How is this achieved?
- The chromosome is wrapped in long strands of RNA called XIST that attract proteins and tamp down the expression of the gene inside.
- However, not all genes are muffled in this manner and the ones that escape the X inactivation process are thought to be the cause of autoimmune diseases.
- Not only this, the XIST molecule too has been known to elicit inflammatory immune responses.

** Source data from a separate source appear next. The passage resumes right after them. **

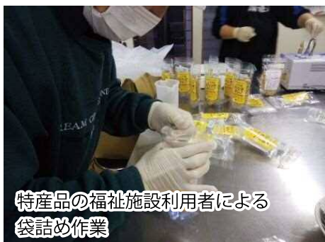
特産品の福祉施設利用者による袋詰め作業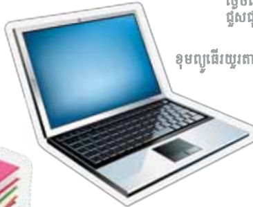
ខុមព្យូធើរយូរតាមខ្លួន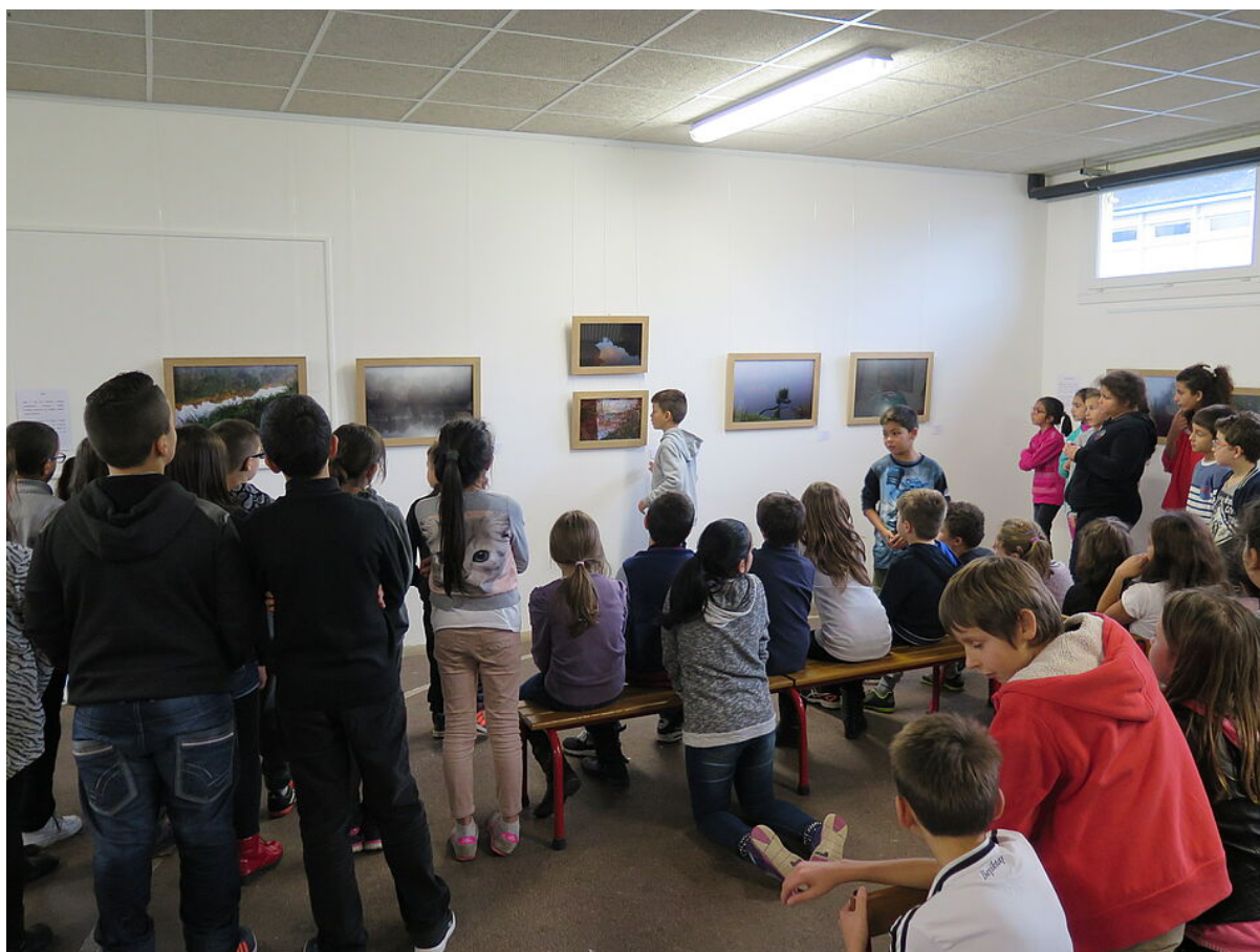
Inauguration de l'exposition itinérante "Figure(s) et paysage" à l'école Joliot Curie - Lanester, en 2015.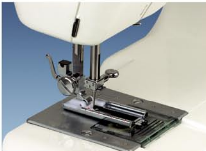
4. Obszywanie dziurek w dwóch pozycjach ustawienia maszyny.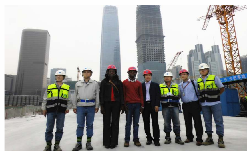
中國在「一帶一路」相關國家建設了75個境外經貿合作區，直接投資超600億美元。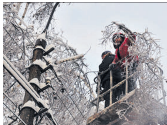
Енергетикам у ці дні роботи додалося.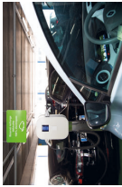
Borne de recharge électrique

La Fondation a mis en service 37 bornes connectées, réparties dans 18 parkings publics, qui viennent s'ajouter aux 37 bornes existantes. Celles-ci sont progressivement remplacées par des bornes de nouvelle génération. Les 134 points de recharge permettent de répondre à une demande grandissante.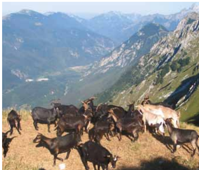
Tudi drobnica ima pomembno vlogo pri kroženju snovi na ekoloških kmetijah.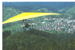
Drachenfliegen von der Teufelsmühle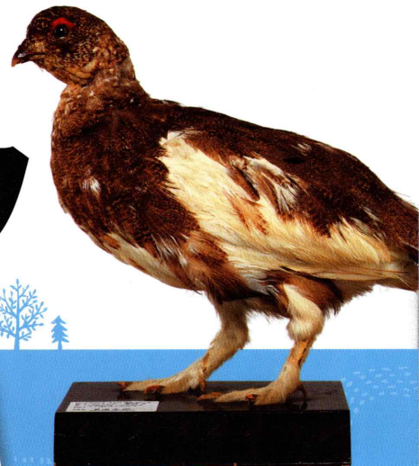
高等学校に保管されていた戦前のライチョウの剥製 (所蔵: 岐阜県博物館)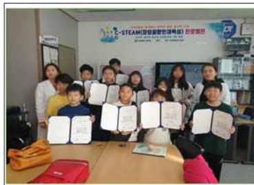
C-STEAM 진로프로젝트 ‘□으로 직업하자’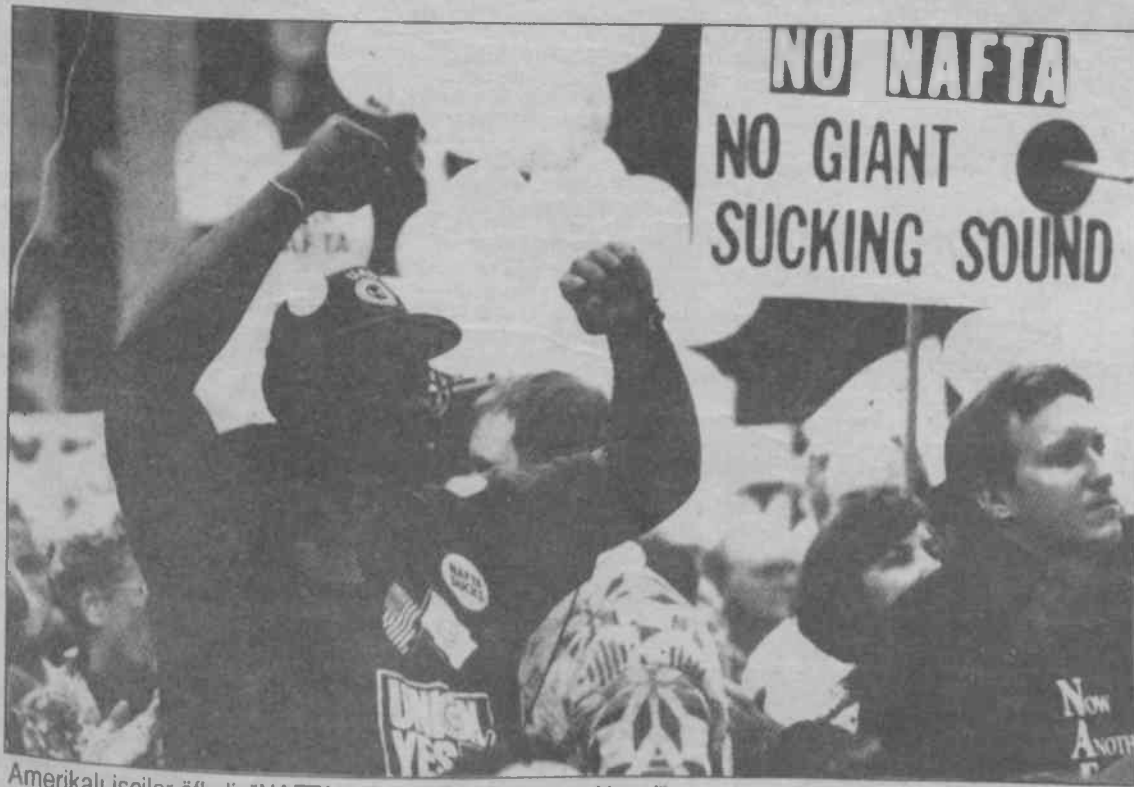
Amerikalı işçiler öfkeli: "NAFTA'ya hayır! Dev Pompaya Hayır!"

Son bir not: Peru Komünist Partisi, Maoçuluğun tari- hi önemini vurgularken Onun Marksizm ve Leninizm katkılarını sıralamada, Büyük Proleter Kültür Dev- rimi'ni beşinci sıraya koyuyor. Görüşlerine saygım ola- makla birlikte şerh koyuyorum. Kanımca Kültür Dev- rimi, ilk maddeyi oluşturmalydı.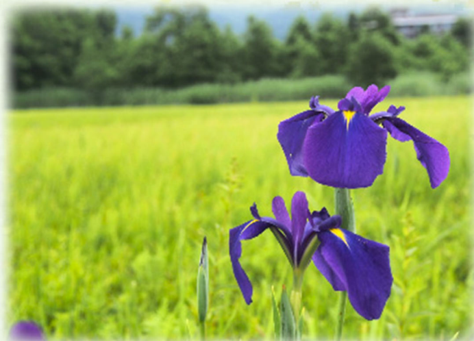
ノハナショウブ 野花菖蒲 アヤメ科 観察場所: ④、⑥、⑦、植

本格的な梅雨に入り、雨や霧の日が続くようになりました。霧に包まれた湿原では、点々と咲くノハナショウブが幻想的な風景を作り出しています。たっぷりの雨に、絶滅危惧種にも指定されている野生ランのミズチドリも咲き始めました。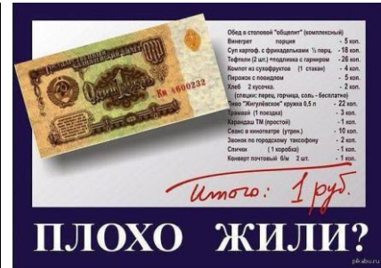
Рис. 2. Метод вибіркового добору інформації: контент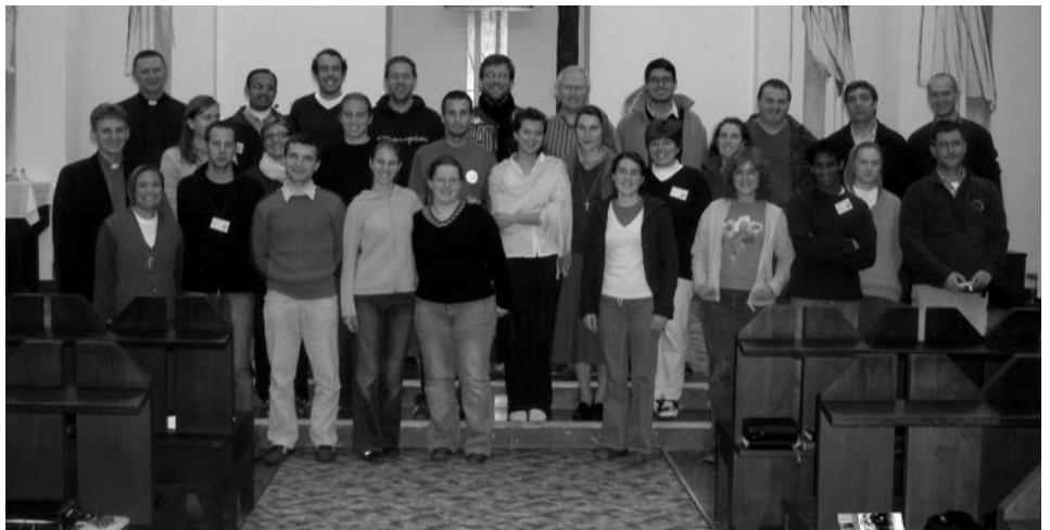
Az európai SZALIM közgyűlésének résztvevői a krakkói szalézi szeminárium kápolnájában.

A levelek teljes szövege és a boldoggá-avatással kapcsolatos egyéb iratok elolvashatók a www.donbosco.es honlapon, ahol ebből a különleges alkalmából egy új aloldalt alakítottak ki. (ANS – Madrid)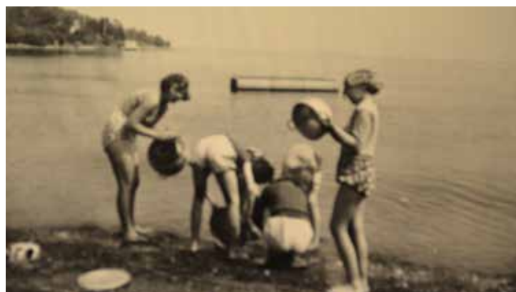
Skylling av oppvask i vannkanten på Sjøstrand.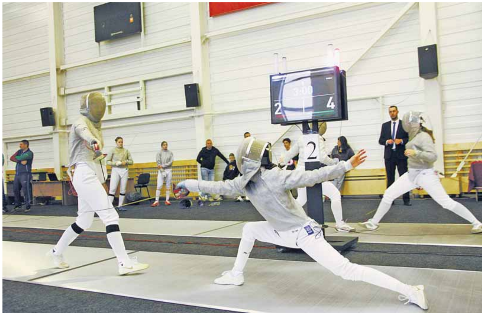
И для взрослых, и для молодежи соревнования стали проверкой сил перед этапом Кубка мира.

– Я хорошо знаю тренерский коллектив Алтайского края, в сборной России есть ваши спортсмены. Так что с удовольствием принял при-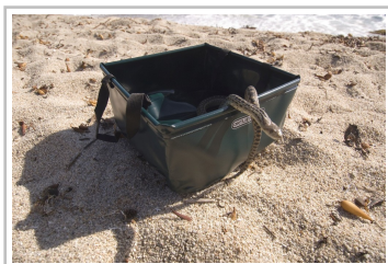
Faltschüssel von Ortlieb.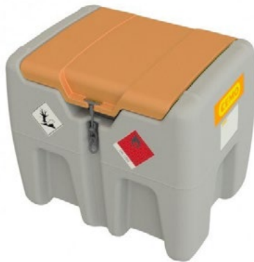
DT-Mobil Easy 210 l cu capac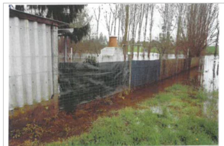
Site pendant la crue (photo recensement d'origine)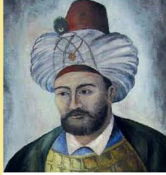
Köprülü Fazıl Ahmet Paşa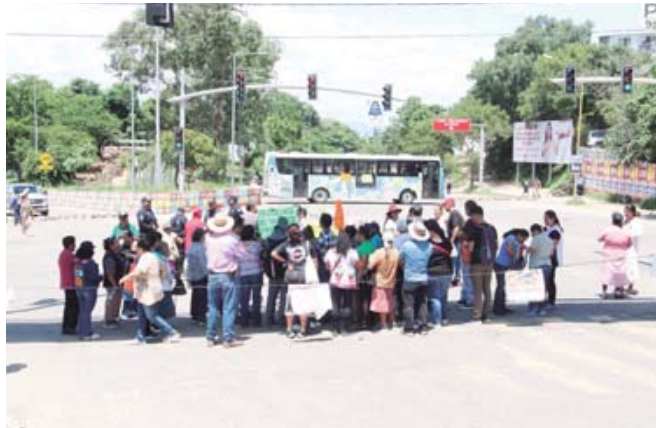
Vecinos inconformes echaron mano de un Citybus para bloquear el acceso a la carretera al Fortín.

El martes, los colonos frenaron las obras en el parque, pues se percataron que el personal estaba retirando el adoquín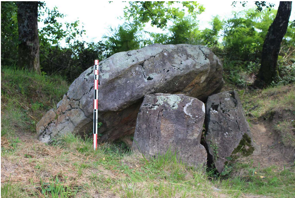
Fig. 1 – Dolmen de Peyre Dusets à Loubajac (Hautes-Pyrénées)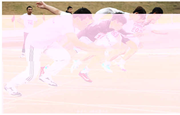
田径男子100米，是奥运会田径比赛的重要赛事之一。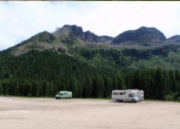
Passo S. Pellegrino.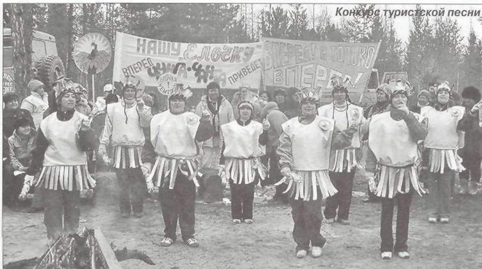
Конкурс туристской песни

И. ПЯК, инструктор-методист по туризму ЦДТик

- Many of the proteins that are attracted to the XIST also induced the response of autoantibodies, a type of antibody that reacts with self-antigens.
Key observations:
- To see if these autoantibodies attacking the XIST molecule were another reason for autoimmune diseases, they bioengineered male mice to produce a modified version of XIST which did muffle the gene expression but still retained the ability to form the RNA and proteins that covered the gene.
- They found that when a lupus-like disease was introduced in the mice, the ones that expressed XIST had higher levels of autoantibody levels than the ones that didn’t. Their immune cells were also on higher alert which suggests a proneness to autoimmune attacks.
- Since XIST is expressed only in cells with two X chromosomes, women are more susceptible to autoimmune diseases and attacks.
Way Forward:
- Further studies in this field would help in determining exactly which XIST-related antigens contribute to sex-biased immunity resulting in expedited detection and diagnosis, the authors noted.